Jason Ray Franks, Appellant.
Appellate Case No. 2011-182106
Appeal From York County John C. Hayes, III, Circuit Court Judge
Unpublished Opinion No. 2013-UP-020 Submitted December 3, 2012 – Filed January 16, 2013
AFFIRMED
Appellate Defender Robert Michael Dudek, of Columbia, for Appellant.

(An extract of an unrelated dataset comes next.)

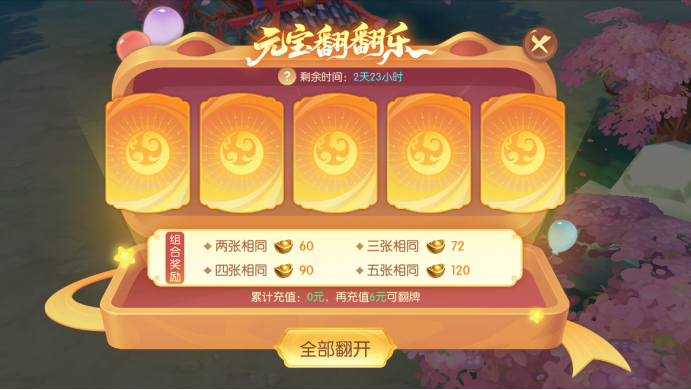 2.翻开全部5张卡牌后,根据牌面组合(任意组合、三张相同、四张相同、五张相同)获得元宝奖励。

Attorney General Alan McCrory Wilson, Chief Deputy Attorney General John W. McIntosh, Senior Assistant Deputy Attorney General Salley W. Elliott, and Assistant Attorney General Julie Kate Keeney, all of Columbia; and Solicitor Kevin Brackett, of York, for Respondent. PER CURIAM: Affirmed1 pursuant to Rule 220(b), SCACR, and the following authorities:
1. As to whether the trial court erred in rejecting proffered testimony regarding the victim's physical abilities during a subsequent incident: State v. Lewis, 293 S.C. 107, 110, 359 S.E.2d 66, 67 (1987) ("The admission and rejection of proffered testimony is largely within the sound discretion of the trial [court]. Absent an abuse of discretion, [the trial court's] rulings will not be disturbed on appeal."); Rule 401, SCRE ("'Relevant evidence' means evidence having any tendency to make the existence of any fact that is of consequence to the determination of the action more probable or less probable than it would be without the evidence."); Rule 402, SCRE ("Evidence which is not relevant is not admissible.").2
2. As to whether the trial court erred in allowing extrinsic evidence of a prior inconsistent statement of a witness in violation of Rule 613(b), SCRE: Rule 613(b), SCRE ("Extrinsic evidence of a prior inconsistent statement by a witness is not admissible unless the witness is advised of the substance of the statement, the time and place it was allegedly made, and the person to whom it was made, and is given the opportunity to explain or deny the statement. If a witness does not admit that he has made the prior inconsistent statement, extrinsic evidence of such statement is admissible."); State v. Moses, 390 S.C. 502, 522, 702 S.E.2d 395, 406 (Ct. App. 2010) ("Generally, where the witness has responded with anything less than an unequivocal admission, trial courts have been granted wide latitude to allow extrinsic evidence proving the statement." (citation and internal quotation marks omitted)).
AFFIRMED.
HUFF, THOMAS, and GEATHERS, JJ., concur.
1 We decide this case without oral argument pursuant to Rule 215, SCACR. 2 Franks additionally argues in his brief that Rule 608(c), SCRE, applies; however, this argument is not preserved because Franks did not raise it at trial. See State v. Jones, 392 S.C. 647, 655, 709 S.E.2d 696, 700 (Ct. App. 2011) ("[A] party may not argue one ground at trial and an alternate ground on appeal." (citation and internal quotation marks omitted)).